ACTIVITY
None of the pictures should appear; the lines from the line containing "Villa Ecrin, Kalkan" through the last line of the listing must be repeated exactly.

DATASET CONTENT
-.-.-

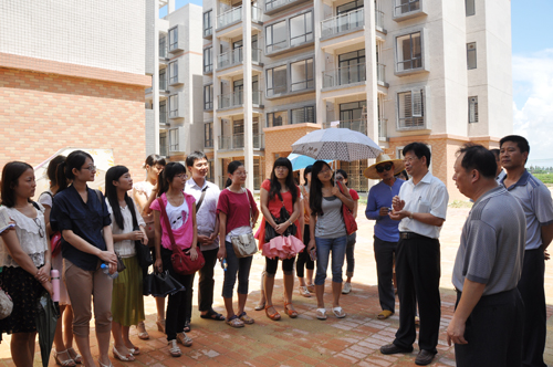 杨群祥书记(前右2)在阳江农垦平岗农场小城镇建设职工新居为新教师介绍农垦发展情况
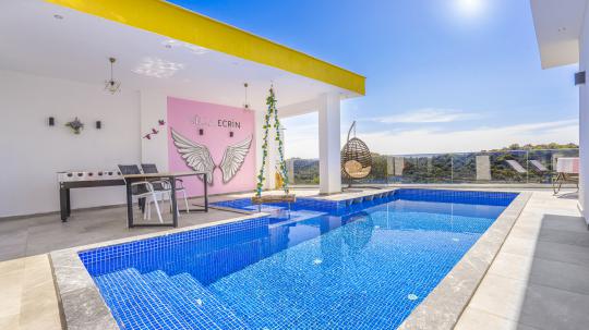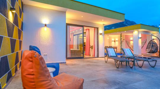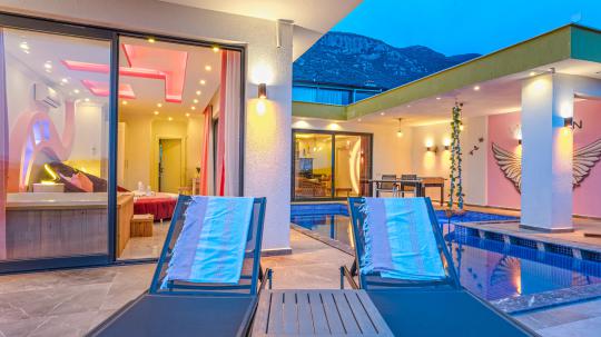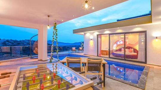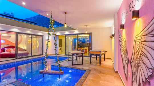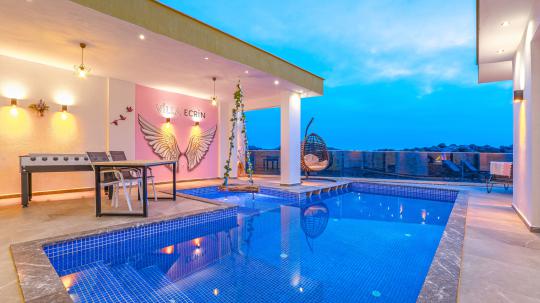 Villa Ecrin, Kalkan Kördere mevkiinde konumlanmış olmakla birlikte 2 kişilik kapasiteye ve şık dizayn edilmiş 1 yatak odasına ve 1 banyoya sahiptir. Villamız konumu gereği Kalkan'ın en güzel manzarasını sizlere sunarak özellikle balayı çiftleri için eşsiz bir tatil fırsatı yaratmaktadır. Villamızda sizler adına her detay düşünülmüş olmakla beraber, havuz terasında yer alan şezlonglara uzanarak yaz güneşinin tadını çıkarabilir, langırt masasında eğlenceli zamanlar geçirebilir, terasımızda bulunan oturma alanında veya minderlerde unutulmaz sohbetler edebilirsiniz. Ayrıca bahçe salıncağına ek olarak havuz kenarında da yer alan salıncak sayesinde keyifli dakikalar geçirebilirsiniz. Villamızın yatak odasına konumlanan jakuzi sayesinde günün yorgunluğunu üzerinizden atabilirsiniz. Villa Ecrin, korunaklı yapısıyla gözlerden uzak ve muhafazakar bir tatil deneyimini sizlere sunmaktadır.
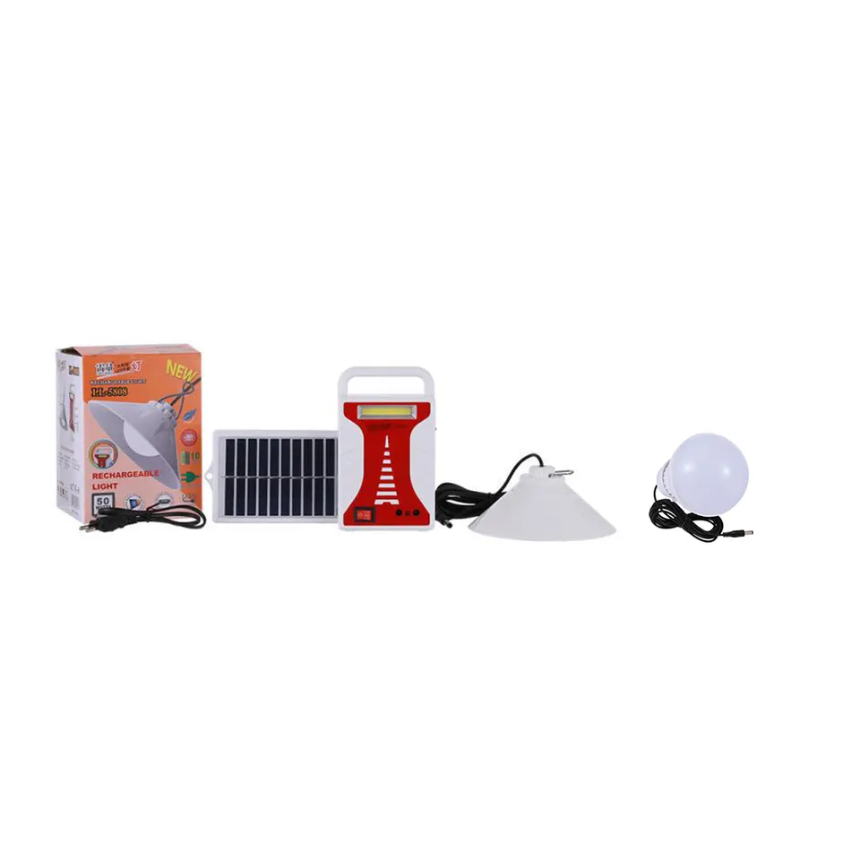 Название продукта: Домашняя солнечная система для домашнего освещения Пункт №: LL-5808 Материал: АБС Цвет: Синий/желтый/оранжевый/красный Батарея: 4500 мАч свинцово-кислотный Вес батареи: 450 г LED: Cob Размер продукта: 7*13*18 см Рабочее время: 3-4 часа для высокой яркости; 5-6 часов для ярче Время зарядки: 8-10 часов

-.-.-

RESULT BELOW
 Villa Ecrin, Kalkan Kördere mevkiinde konumlanmış olmakla birlikte 2 kişilik kapasiteye ve şık dizayn edilmiş 1 yatak odasına ve 1 banyoya sahiptir. Villamız konumu gereği Kalkan'ın en güzel manzarasını sizlere sunarak özellikle balayı çiftleri için eşsiz bir tatil fırsatı yaratmaktadır. Villamızda sizler adına her detay düşünülmüş olmakla beraber, havuz terasında yer alan şezlonglara uzanarak yaz güneşinin tadını çıkarabilir, langırt masasında eğlenceli zamanlar geçirebilir, terasımızda bulunan oturma alanında veya minderlerde unutulmaz sohbetler edebilirsiniz. Ayrıca bahçe salıncağına ek olarak havuz kenarında da yer alan salıncak sayesinde keyifli dakikalar geçirebilirsiniz. Villamızın yatak odasına konumlanan jakuzi sayesinde günün yorgunluğunu üzerinizden atabilirsiniz. Villa Ecrin, korunaklı yapısıyla gözlerden uzak ve muhafazakar bir tatil deneyimini sizlere sunmaktadır.
 Название продукта: Домашняя солнечная система для домашнего освещения Пункт №: LL-5808 Материал: АБС Цвет: Синий/желтый/оранжевый/красный Батарея: 4500 мАч свинцово-кислотный Вес батареи: 450 г LED: Cob Размер продукта: 7*13*18 см Рабочее время: 3-4 часа для высокой яркости; 5-6 часов для ярче Время зарядки: 8-10 часов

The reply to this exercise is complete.